You can modify time_partitioning for your LoadJobConfig. The description of the TimePartitioning class can be found here and a similar example in the docs. Use TimePartitioning.field to specify which field to use as the partitioning criteria. In your case it could be something like this (adding a 90-day expiration rule):
job_config = bigquery.LoadJobConfig(
schema = [
bigquery.SchemaField("foo", "STRING"),
bigquery.SchemaField("Timestamp", "TIMESTAMP"),
bigquery.SchemaField("bar", "INT64"),
bigquery.SchemaField("id", "STRING")
],
time_partitioning = bigquery.TimePartitioning(
type_=bigquery.TimePartitioningType.DAY,
field="Timestamp", # field to use for partitioning
expiration_ms=7776000000 # 90 days
)
)
We can use the LoadJob result to verify that everything is ok:
print("Written {} rows to {}".format(result.output_rows, result.destination))
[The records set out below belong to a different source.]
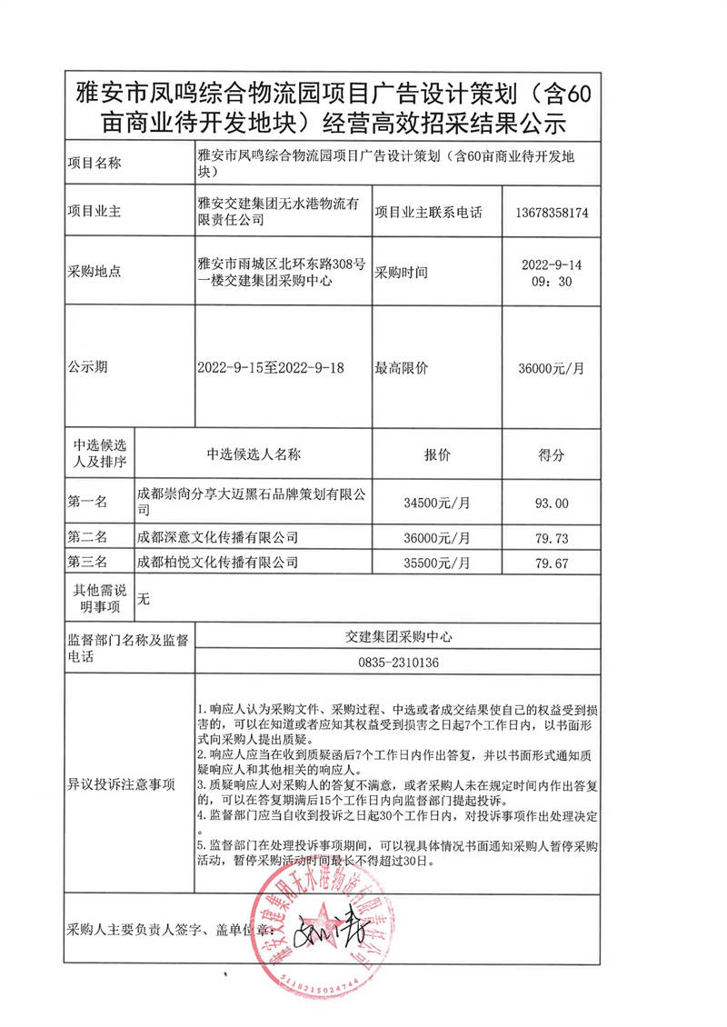 雅安交建集團無水港物流有限責(zé)任公司雅安市鳳鳴綜合物流園項目廣告設(shè)計策劃(含60畝商業(yè)待開發(fā)地塊)經(jīng)營高效招采結(jié)果公示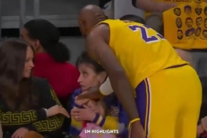 GIF-詹姆斯上前安抚被界外球砸到的小女孩
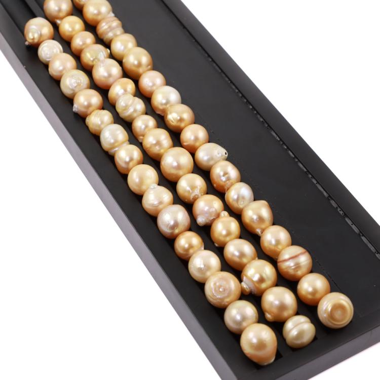 Parcel of 50 mixed, Loose, undrilled, Golden South Sea Pearls of approximately 11.6mm-15.2mm. Weight: 211.7g. (As New)

print("Partitioning: {}".format(result.time_partitioning))
Written 4 rows to TableReference(DatasetReference(u'PROJECT_ID', u'test'), 'pandas_partitioned')
Partitioning: TimePartitioning(expirationMs=7776000000,field=Timestamp,type=DAY)
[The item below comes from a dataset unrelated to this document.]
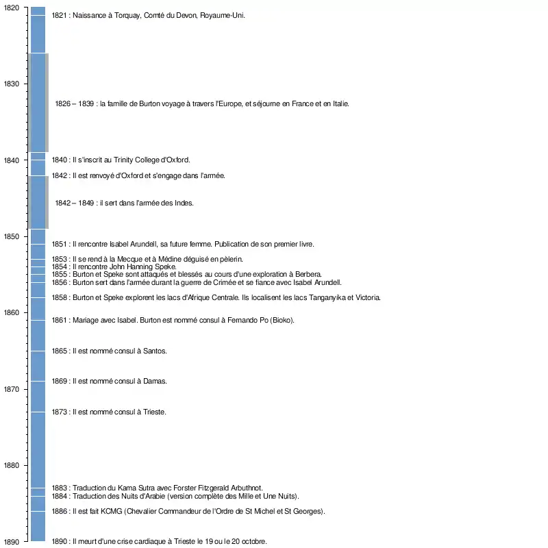 Richard Francis Burton, né le à Torquay (Angleterre) et mort le à Trieste, est un érudit et polymathe britannique. Il est tour à tour officier militaire, escrimeur, explorateur, écrivain et poète, traducteur, linguiste, orientaliste, maître soufi, ethnologue, diplomate et expérimentateur passionné de la plupart des perversions humaines.

and describe the newly-created table:
$ bq show test.pandas_partitioned
Table PROJECT_ID:test.pandas_partitioned
Last modified Schema Total Rows Total Bytes Expiration Time Partitioning Clustered Fields Labels
----------------- ------------------------- ------------ ------------- ------------ -------------------------------------------------- ------------------ --------
21 Dec 10:01:42 |- Timestamp: timestamp 4 107 DAY (field: Timestamp, expirationMs: 7776000000)
|- bar: integer
|- foo: string
|- id: string
Full code:
from datetime import datetime
from datetime import timedelta
import pandas as pd
from google.cloud import bigquery
PROJECT = "PROJECT_ID"
DATASET = "test"
TABLE = "pandas_partitioned"
bq_client = bigquery.Client(project=PROJECT)
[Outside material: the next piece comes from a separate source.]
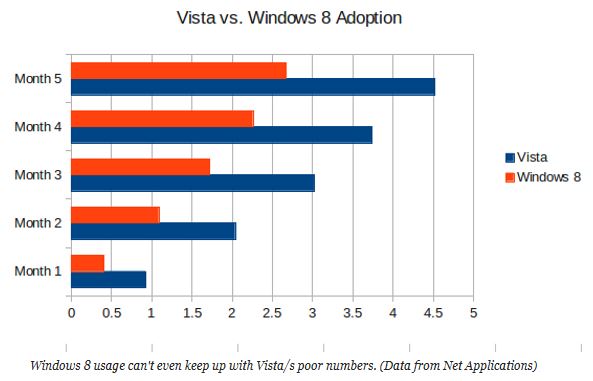 [Note added 3/5/2013: As I continued to ponder the “Win8 vs. Win7” decision I came across a ZDnet post from long-time OS expert Steven J. Vaughan Nichols which graphed the uptake of Windows 8 versus Windows Vista, each over the first five months since their respective introductions. Here’s the graphic he produced to present a stark and scary comparison:

job_config = bigquery.LoadJobConfig(
schema = [
bigquery.SchemaField("foo", "STRING"),
bigquery.SchemaField("Timestamp", "TIMESTAMP"),
bigquery.SchemaField("bar", "INT64"),
bigquery.SchemaField("id", "STRING")
],
time_partitioning = bigquery.TimePartitioning(
type_=bigquery.TimePartitioningType.DAY,
field="Timestamp", # name of the column to use for partitioning
expiration_ms=7776000000 # 90 days
)
)
data = {"foo": ["fighters", "manchu", "bar", "kien"],
"Timestamp": [datetime.now() - timedelta(days=i) for i in range(4)],
"bar": [100, 50, 75, 66],
"id": ["1", "2", "3", "14"]}
df = pd.DataFrame(data)
load_job = bq_client.load_table_from_dataframe(
df, '.'.join([PROJECT, DATASET, TABLE]), job_config = job_config
)
result = load_job.result()
print("Written {} rows to {}".format(result.output_rows, result.destination))
print("Partitioning: {}".format(result.time_partitioning))